The problem I'm having is that removing a embedded subset font results in a broken pdf file.
Is there a way to remove those fonts as well?
Or maybe the font type can be changed from "Type 1 (CID)" to "TrueType".
Thanks for your help in advance.
by broken you mean the file will not open at all? I’m not able to reproduce that.
I’ve attached two python files, one to list the embedded and subsetted fonts in all PDFs in a folder, and another that removes all the embedded fonts. I wasn’t able to break any PDF files using the latter python file.
If you still have an issue, please send the input and output PDF files, and what version of PDFNet you are using to PDFTron support.

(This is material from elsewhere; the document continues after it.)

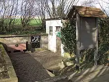 In the more rarely postulated second case, the watershed runs from the Lower Frankenweide onwards in a northeasterly, later more northerly direction. In doing so, it separates the catchment area of the Nahe in the west, to which the Lauter (locally Waldlauter), Alsenz and Appelbach belong, from the sources of the smaller, west Upper Rhine tributaries, namely the Isenach, Eckbach, Eisbach and Pfrimm. From the forest of Stumpfwald in the northern Palatine Forest the watershed enters the North Palatine Uplands, passing immediately west of the summit of the highest point in the Uplands, the Donnersberg (686.5 m).[1] North of Kirchheimbolanden, near Orbis (327 m), it leaves the Palatinate between the source of the Selz, which flows into the Upper Rhine, and the upper reaches of the Nahe tributary, the Wiesbach, and heads into the region of Rheinhessen.[1]

Note, if you want to use the python files, you can place them in the root folder of a PDFNetC folder, and the python files will pick up the libraries in the PDFNetC/Lib folder. Note, if you use 64bit python, you need PDFNetC64.
list_fonts.py (2.15 KB)
remove_embedded_fonts.py (1.72 KB)
Unfortunately as many things with PDF, removing fonts from PDF is not as simple as it seems.
If you are indiscriminately removing all embedded font streams you will visually ‘break’ the file only if the substituted font is missing specific glyphs or if the font is not using standard/predefined encoding. The latter case is more likely and the end result will be gibberish text.
Perhaps you can identify these cases (e.g. custom encoding) so that you can skip font removal?
If you need to remove all fonts … period, you could still use PDFNet, but you will need to rewrite all content streams normalizing all text to Unicode.
The idea is similar to ElementEdit sample except that you create a new Font (non-embedded) and associate all text with the new font. Also you would need to map text to Unicode (element.GetTextString () → uni, then element.SetData(uni.GetBuffer()m, uni.GetLength()*2)).
This would work for most but not all files. The problem is that some/many PDFs don’t have proper Unicode maps, which means that you could still end up with gibberish text. As a next step you could try to use OCR to verify and fix these mappings …